### Records
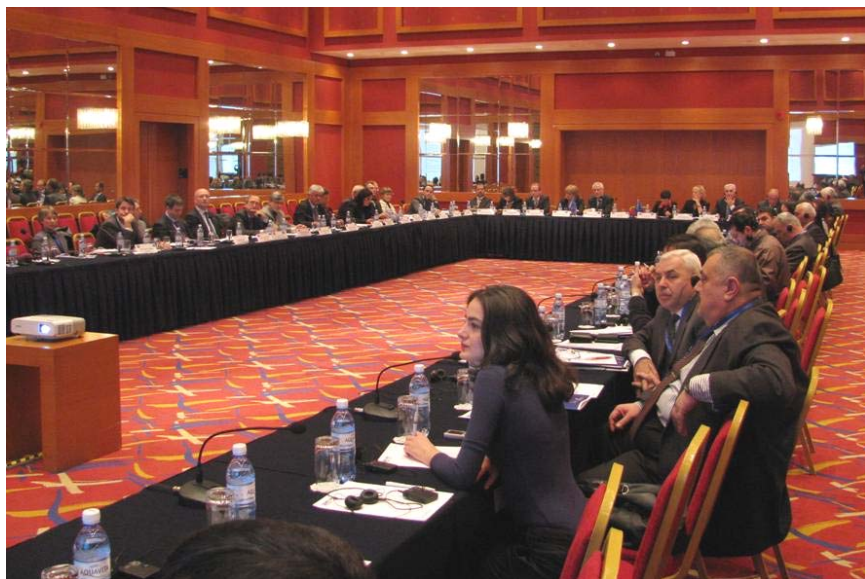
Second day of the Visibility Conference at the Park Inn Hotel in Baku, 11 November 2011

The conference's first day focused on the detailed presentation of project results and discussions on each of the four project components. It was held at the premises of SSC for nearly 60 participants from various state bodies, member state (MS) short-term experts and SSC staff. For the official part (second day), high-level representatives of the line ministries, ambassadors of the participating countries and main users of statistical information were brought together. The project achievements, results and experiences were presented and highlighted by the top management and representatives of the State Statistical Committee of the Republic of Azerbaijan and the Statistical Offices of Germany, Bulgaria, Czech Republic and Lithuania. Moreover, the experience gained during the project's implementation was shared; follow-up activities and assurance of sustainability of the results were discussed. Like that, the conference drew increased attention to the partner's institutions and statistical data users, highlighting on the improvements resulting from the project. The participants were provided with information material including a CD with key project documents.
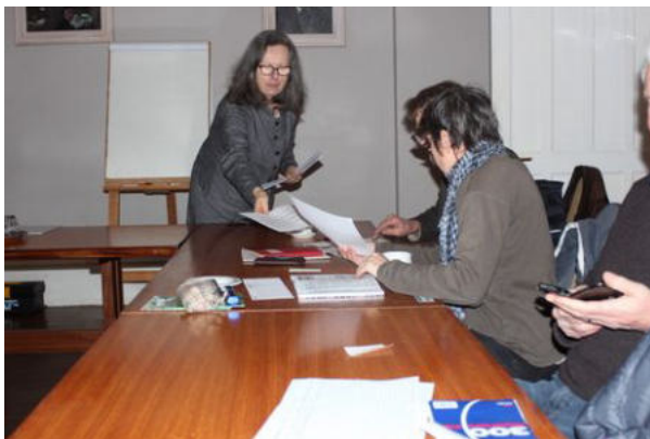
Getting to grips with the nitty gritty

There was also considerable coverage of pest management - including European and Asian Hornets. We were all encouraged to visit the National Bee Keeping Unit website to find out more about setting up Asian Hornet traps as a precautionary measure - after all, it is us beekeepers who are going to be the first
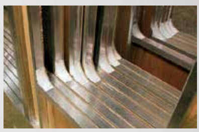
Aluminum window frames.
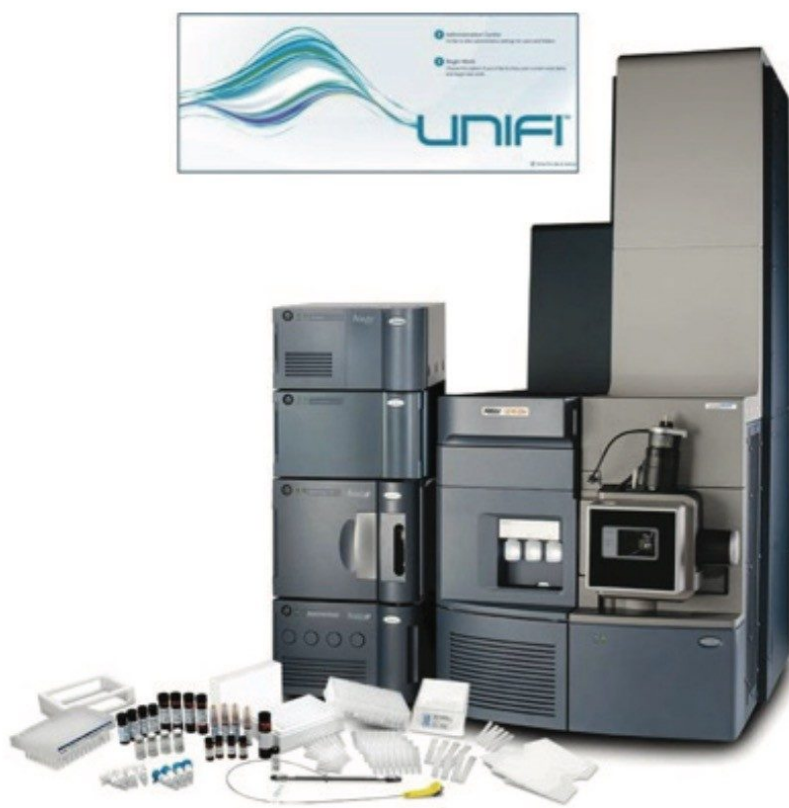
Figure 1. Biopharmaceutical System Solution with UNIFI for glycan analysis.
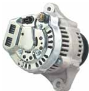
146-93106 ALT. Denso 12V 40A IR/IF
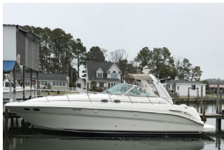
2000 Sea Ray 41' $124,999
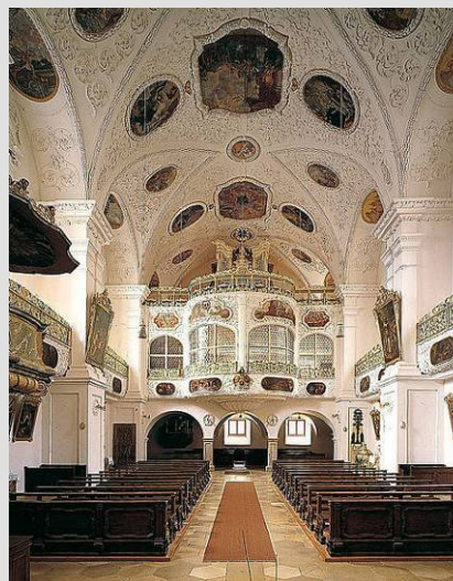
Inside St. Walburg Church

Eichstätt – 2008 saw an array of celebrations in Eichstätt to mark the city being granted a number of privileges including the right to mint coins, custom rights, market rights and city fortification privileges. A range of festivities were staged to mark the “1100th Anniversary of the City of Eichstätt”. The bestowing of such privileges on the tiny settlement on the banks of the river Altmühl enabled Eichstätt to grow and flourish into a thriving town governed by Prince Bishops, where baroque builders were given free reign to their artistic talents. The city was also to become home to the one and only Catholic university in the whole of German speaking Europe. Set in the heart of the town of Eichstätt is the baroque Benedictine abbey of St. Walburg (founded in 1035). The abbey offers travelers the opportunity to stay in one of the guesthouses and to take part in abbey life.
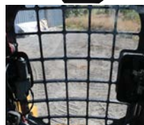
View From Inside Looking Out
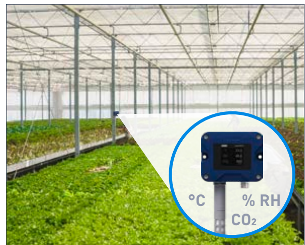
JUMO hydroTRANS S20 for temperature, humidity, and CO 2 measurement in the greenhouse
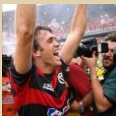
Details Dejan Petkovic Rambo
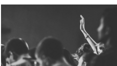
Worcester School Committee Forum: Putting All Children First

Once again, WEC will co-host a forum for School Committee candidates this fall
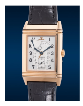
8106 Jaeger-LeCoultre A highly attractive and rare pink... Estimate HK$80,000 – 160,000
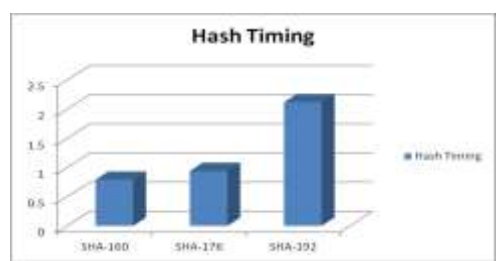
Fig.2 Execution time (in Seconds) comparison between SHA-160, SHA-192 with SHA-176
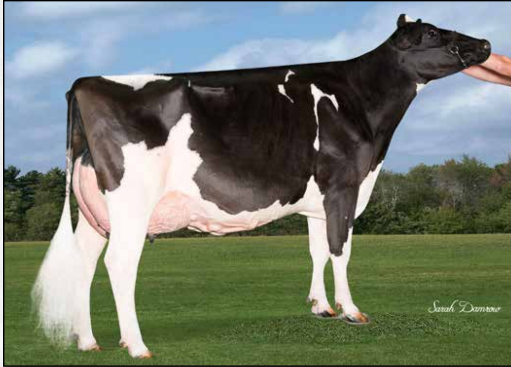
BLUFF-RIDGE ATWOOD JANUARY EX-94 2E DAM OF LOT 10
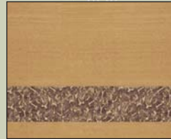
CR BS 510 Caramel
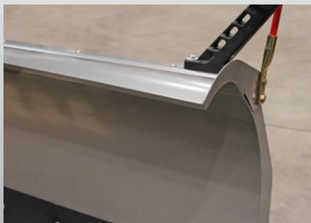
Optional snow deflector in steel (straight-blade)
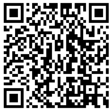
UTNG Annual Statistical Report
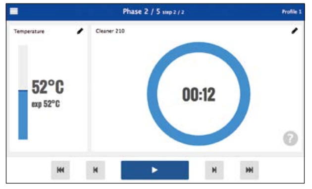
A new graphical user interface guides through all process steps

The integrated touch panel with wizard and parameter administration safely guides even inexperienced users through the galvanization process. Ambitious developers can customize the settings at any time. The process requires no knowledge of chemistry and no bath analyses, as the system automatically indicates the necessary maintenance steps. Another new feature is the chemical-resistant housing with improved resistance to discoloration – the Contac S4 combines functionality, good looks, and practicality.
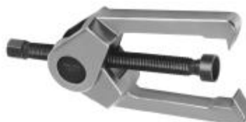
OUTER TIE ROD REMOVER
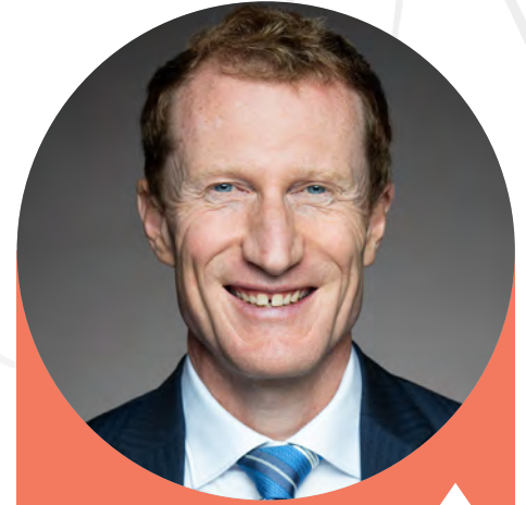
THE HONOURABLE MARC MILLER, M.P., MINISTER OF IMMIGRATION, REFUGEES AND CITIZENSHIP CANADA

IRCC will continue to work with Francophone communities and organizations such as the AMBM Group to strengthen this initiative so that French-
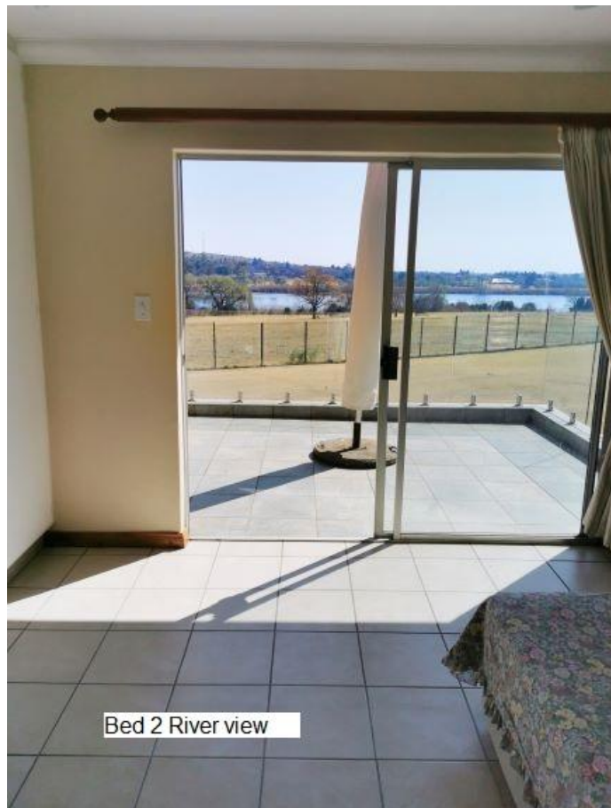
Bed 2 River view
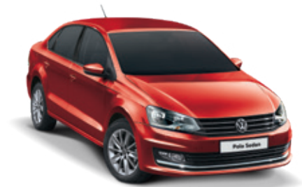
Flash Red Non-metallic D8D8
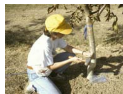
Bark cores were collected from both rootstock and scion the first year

### What is required
Copy out, with no pictures, the lines from the one containing "Worcester School Committee" through the last line of the data above, both ends included and each word unchanged.

### Output of the exercise
Worcester School Committee Forum: Putting All Children First

Once again, WEC will co-host a forum for School Committee candidates this fall
8106 Jaeger-LeCoultre A highly attractive and rare pink... Estimate HK$80,000 – 160,000
Fig.2 Execution time (in Seconds) comparison between SHA-160, SHA-192 with SHA-176
BLUFF-RIDGE ATWOOD JANUARY EX-94 2E DAM OF LOT 10
CR BS 510 Caramel
Optional snow deflector in steel (straight-blade)
UTNG Annual Statistical Report
A new graphical user interface guides through all process steps

The integrated touch panel with wizard and parameter administration safely guides even inexperienced users through the galvanization process. Ambitious developers can customize the settings at any time. The process requires no knowledge of chemistry and no bath analyses, as the system automatically indicates the necessary maintenance steps. Another new feature is the chemical-resistant housing with improved resistance to discoloration – the Contac S4 combines functionality, good looks, and practicality.
OUTER TIE ROD REMOVER
THE HONOURABLE MARC MILLER, M.P., MINISTER OF IMMIGRATION, REFUGEES AND CITIZENSHIP CANADA

IRCC will continue to work with Francophone communities and organizations such as the AMBM Group to strengthen this initiative so that French-
Bed 2 River view
Flash Red Non-metallic D8D8
Bark cores were collected from both rootstock and scion the first year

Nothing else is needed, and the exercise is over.